DIRECTIONS FOR THIS TASK -> Pictures should be left out while the data beneath this task is written out word for word.

INFORMATION SHOWN ->
- - -

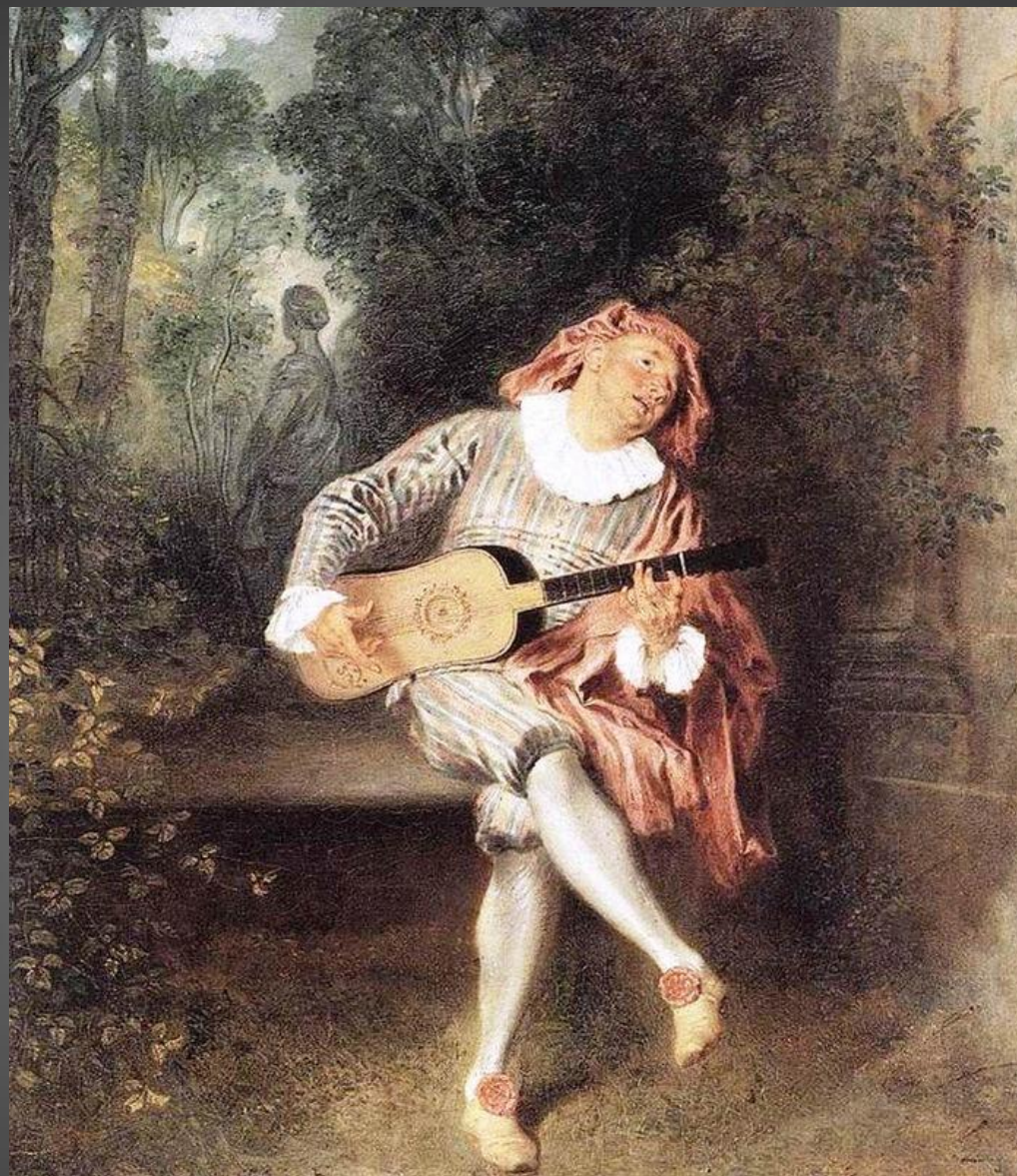
«В одежде Мецетена»
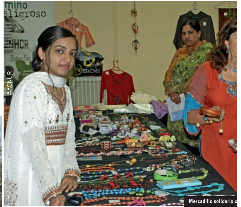
Mercadillo solidario c

La comunidad pakistání que vive en Sonseca (Toledo) ha recaudado fondos con un mercadillo solidario para los damnificados en Pakistán por las inundaciones en las que el

- - -

OUTPUT OF THE TASK ->
«В одежде Мецетена»
Mercadillo solidario c

La comunidad pakistání que vive en Sonseca (Toledo) ha recaudado fondos con un mercadillo solidario para los damnificados en Pakistán por las inundaciones en las que el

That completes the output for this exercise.